However, sometimes it is clear that defamatory terms were used in anger. During one argument John Syke called Patrick Cunneghty a ‘rogue and a thief who deserved to be hanged’, and he called Cunneghty's wife a ‘whore’.Footnote 151 Yet two months later the case was settled out of court. Armagh's consistory court regularly adjourned defamation cases to give the litigants time to calm down and settle their differences amicably. When Margaret Netervele called Margaret Duff the ‘whore of a priest’ the latter retorted by calling Netervele a ‘common whore to priests, friars and to all other men besides’.Footnote 152 The two women subsequently settled their suits out of court. Margaria Tyrell accused Isabella Ugan of defaming her as the whore of Dominus Radulphi Brainok, a chaplain of St Mary's, Drogheda.Footnote 153 However, in court it was reported that Tyrell had earlier called Ugan a ‘common whore’ and even a ‘Spanish whore’. Evidently the term ‘whore’ was bandied about all too readily at the time, especially in heated confrontations. It seems to have been more commonly resorted to by women of English descent in urban areas.

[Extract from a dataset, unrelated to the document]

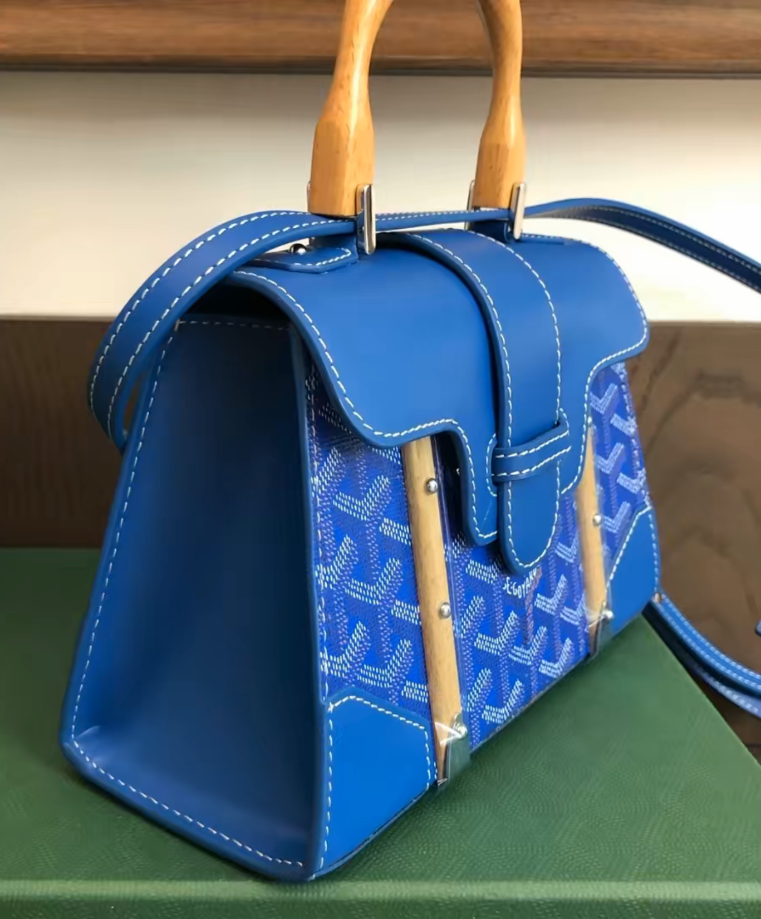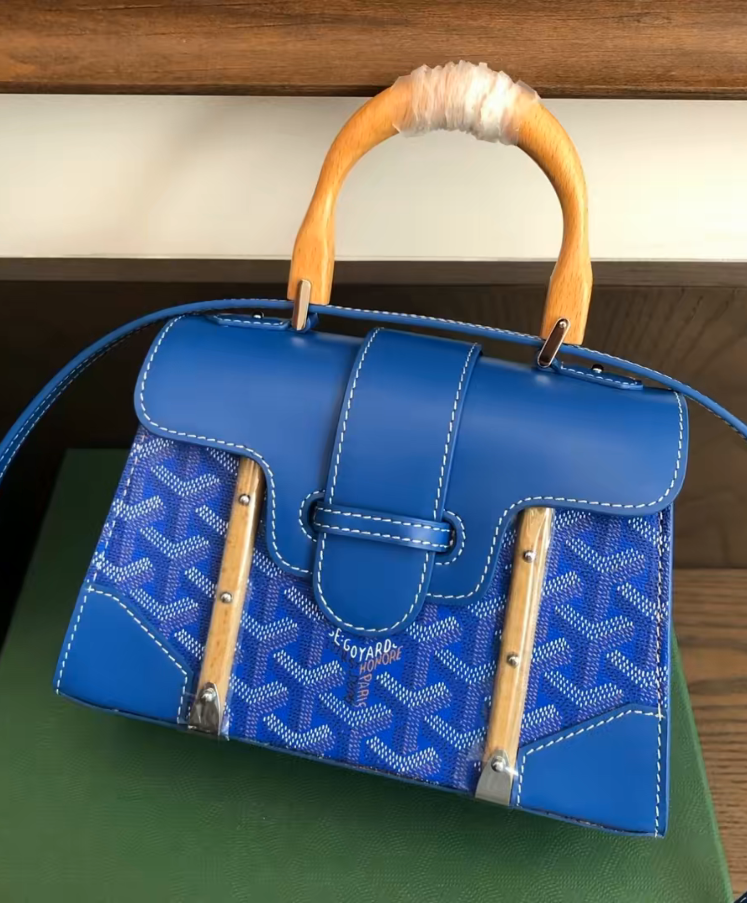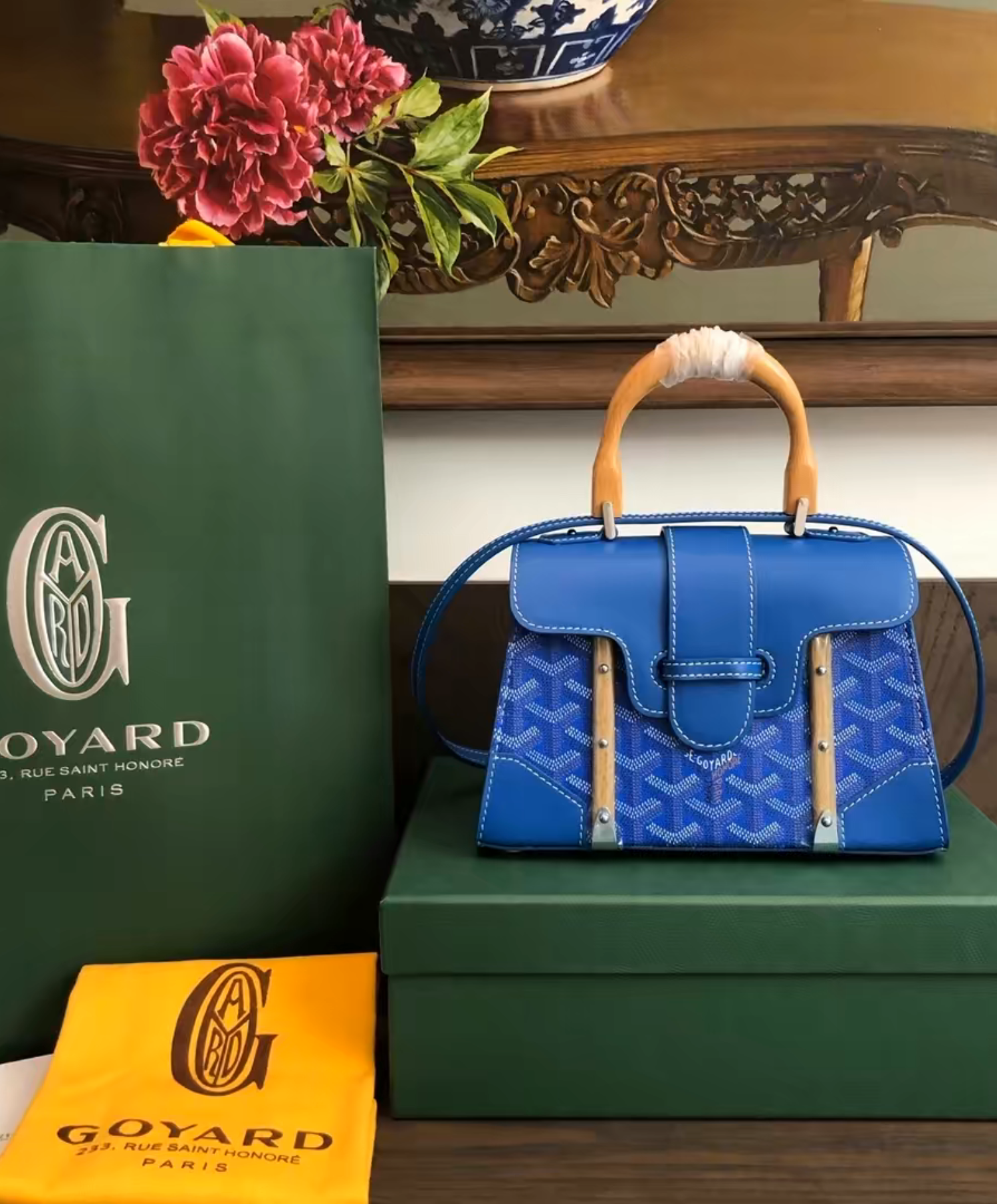 The Saigon bag is one of Maison Goyard’s emblematic pieces as it inherits all our trunk-making signature codes like the wood batons, leather corners and trunk rivets. In this structured, miniature format, the Saigon bag can be worn with or without a strap for a chic and elegant style.

In all there are records of six suits in the Armagh act book that were initiated by women who were allegedly defamed by being called whores, and three others by women who claimed to have been defamed by allegations that they had illicit sexual relations.Footnote 154 It was normally women who called other women whores.Footnote 155 One woman claimed to have been defamed by being called a ‘witch’, again by another woman.Footnote 156 Men were more likely to have their honesty impugned.Footnote 157 Only one man claimed to have been defamed by a sexual slur, in that instance by a husband and wife who said that he had had carnal knowledge of the man's wife.Footnote 158 One man was accused by a woman of defaming her by saying that her husband would still have been alive if she had not denied him wine and aqua vitae.Footnote 159 He counter-sued by accusing her of calling him a ‘false peasant’.Footnote 160 The court was not impressed by either of the latter suits and found both parties equally liable for the expenses.

It is noticeable that some female defendants who were married, especially in defamation suits, chose to have their husband represent them in court.Footnote 161 Yet that may reflect their personal preferences rather than any institutional bias. One illustration of the court's impartiality where gender was concerned is a suit in which a well-off man employed a proctor to promote his case against a woman of lesser means.Footnote 162 She asked Archdeacon James White, oft-times judge of Armagh's consistory court, to represent her. He did so and won the case for her.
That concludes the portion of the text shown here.